When you wish on a falling star, your dreams can come true. Unless it's really a meteor hurdling to the Earth to destroy all life. Then you're pretty much hosed no matter what you wish for. Unless it's death by meteorite.
Chi sono: A disclaimer for those who choose to read my writing: my spelling and grammar have been known to do odd things like take an unannounced holiday in the middle of a three-page dissertation on the merits of one political party over another, only to return when they're not really needed say, while I'm writing captions under my profile pictures. But damn it, those captions DO have PERFECT PUNCTUATION...*scowl*
Also, I must give you fair warning: I am a shameless self-plagiarist. If you later see bits and pieces (or sometimes even whole passages) in my Blog that you recognize as being from a past e-conversation we shared, do not be alarmed. Do not panic. Remain calm and proceed in an orderly fashion as quickly as possible to your designated Plagiarism Shelter or underground Safe House. If you see a child without an attending adult, do not stop to search for their guardian. Accompany him or her safely to a shelter as quickly as possible as small children are particularly vulnerable to airborne Plagiarism. Do not...oh. *ahem* Sorry. I, uh...got carried away...

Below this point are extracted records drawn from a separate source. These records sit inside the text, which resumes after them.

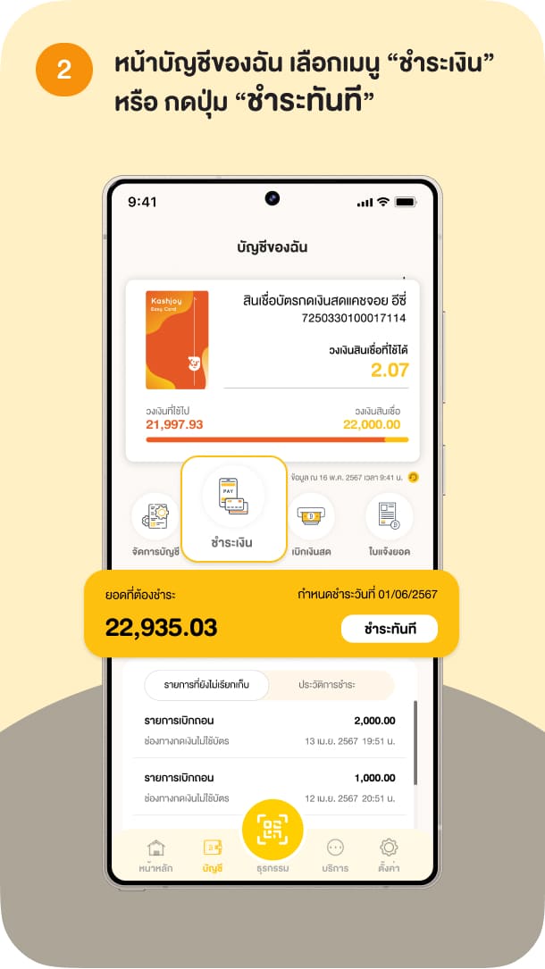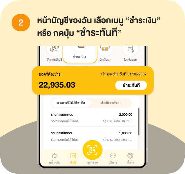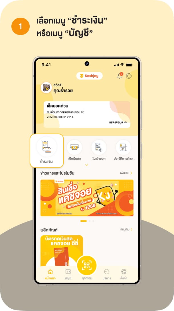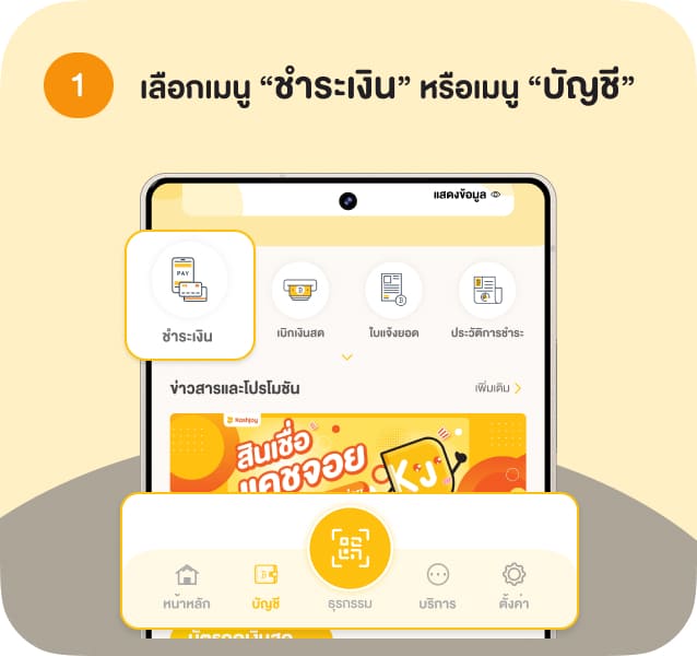 เลือกเมนู “ชำระเงิน” หรือเมนู “บัญชี”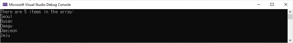 Program.cs에서 comma로 분리된 도시이름을 포함한 단일 문자열 변수를 정의하고 이를 Split method를 통해 분리하는 문을 추가합니다. 이때 분리의 기준을 comma로 지정하며 반환된 문자열값의 array를 열거하도록 합니다.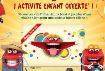 Le menu Happy Meal, propose pour son achat de bénéficier d’une activité loisirs offerte.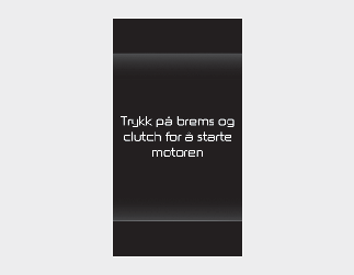 Trå clutchpedalen helt inn og sett girspaken til N (nøytral). Hold inne clutchpedalen og bremsepedalen mens du vrir ENGINE START/STOP (start/stopp-knappen) til startposisjon. Hvis statusen endres til ACC, vises dette på instrumentpanelet ved hjelp av følgende melding.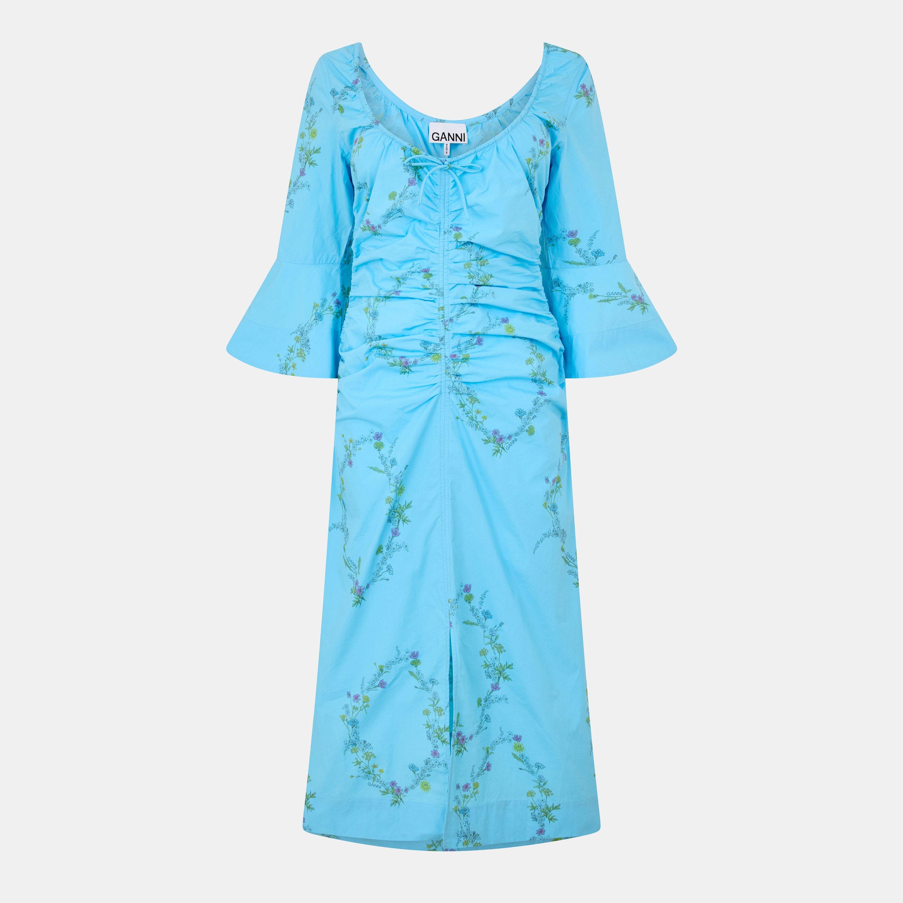 Ganni Smock Dress features a gathered shape with a flattering U-neck design that creates a feminine profile. The relaxed smock style offers comfortable movement with a contemporary edge characteristic of Ganni's aesthetic, ideal for casual wear.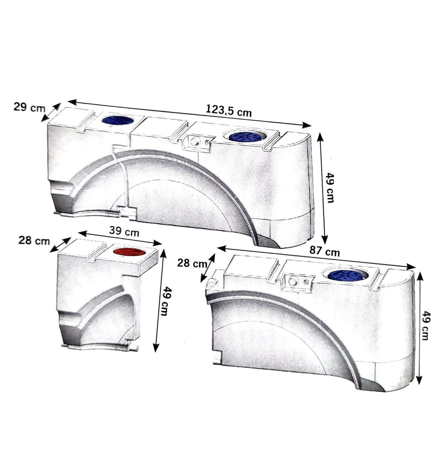 - Misure serbatoio completo acque grigie/acque bianche 96lt: 123.50x29x49.40cm

The point is I never know when I'm going to spit out some little gem. If I write something in a letter or in an IM conversation with a friend, it's fair game for me to later post in my Blog. I wrote it after all, so why shouldn't I be able to reuse it? You should feel all warm and tingly that something I said to you was later deemed worthy of republication (don't you feel special now?). As a matter of fact, I think I'll repost this bit on my Main Profile page to make this point to everyone.......*snicker*...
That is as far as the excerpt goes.